I recently received an Ibex head and shoulder mount of an animal I shot just over a year ago. The thing reeks. It does not smell like rotten flesh. Instead it has that musky goat smell common to living Ibex. I was told that it might smell "a little" because it is difficult to remove all the smell during the taxidermy process. But my mount has much more than a little odor. I went to SCI this year and as I walked the floor I encountered many Ibex mounts and took the opportunity to sniff them. I was very thorough in my investigations and I am sure people must have wondered about the crazy man smelling goats up, down, and all around but I wanted to if my Ibex is out of the ordinary. None of the SCI mounts smelled bad and only a few had the slightest hint of any animal odor.

My office smells like I am keeping goats in it. How can I get the stink off my Ibex?


----------



## liljoe

I would get some advice from a reputable taxidermist.

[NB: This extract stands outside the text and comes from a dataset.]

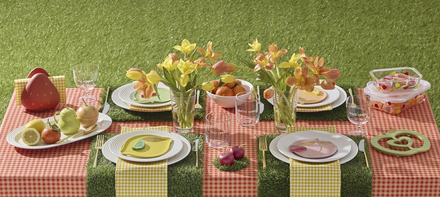 The Tutti Fruity collection from Kate Spade New York sweetens your everyday kitchen pieces. Too hot to handle? Not for this playful apple-shaped trivet.

One thing I have done to remove various smells is to go the local store and buy all the cloves they have - yes cloves like in spices. If you can put your ibex in a large plastic bag, sprinkle the cloves generously all over the mount and seal up the plastic bag air tight for at least a week. Remove, vac off any/all cloves and repeat if needed.

Cloves will absorb a lot of irritant odors.

I have used this a number of times on various needs and if this wasn't a public forum I'd relay how this has been used since cloves have been in existence.


----------